Yeah, and I suppose moving cattle and sheep, there's like there's a point around their shoulder that if you stand in front of them, they move backwards, and if you stand behind them, they move forwards. And I think that sort of knowing that and moving cattle and sheep on a daily basis helps me read my dogs and know how comfortable they are with certain things in their space or me in their space, or if I've got too close to them and I've pushed them the wrong way around some equipment or something like that. I think I think it helps in that way.

SPEAKER_02:

Yeah, no, I think that's I think that's definitely for me, understanding animals working with animals. If some someone's recently gone for a job with dogs with us, and I said, What experience you have and they have a lot with horses and they haven't really had their own dogs a lot.

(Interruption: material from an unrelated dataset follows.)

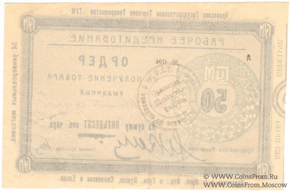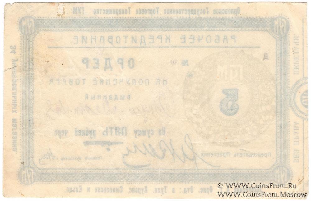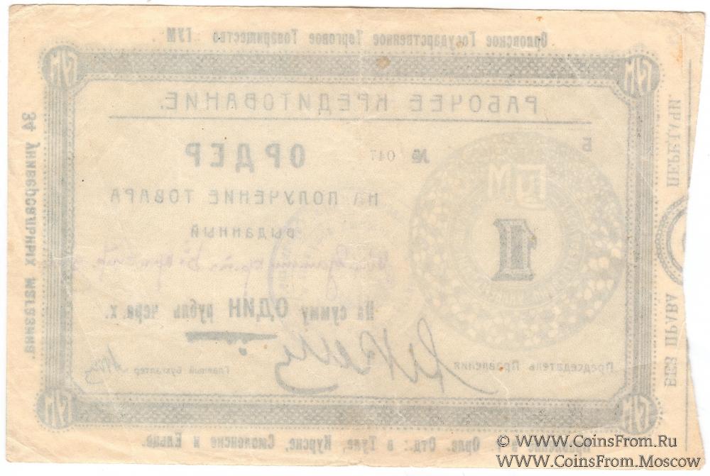 Ордер на получение товара (без права передачи) без даты (1923 г.). В червонных копейках и рублях.

But I do feel as long as they're savvy in the way they're handling horses, they'll be able to transfer those skills over, and vice versa. Most people who handle dogs well, you could teach them as long as they're not scared to handle horses quite well. So I wish you every luck in your vet work. I love what you're doing, Nicole. I love that you translate it to your dogs. I love that you have a real passion about it. I love that you helped me with the sheep yesterday. And we're off to do the sheep again in a little bit, aren't we? We're going to move them. Um, so yeah, good luck in it all, and it's great.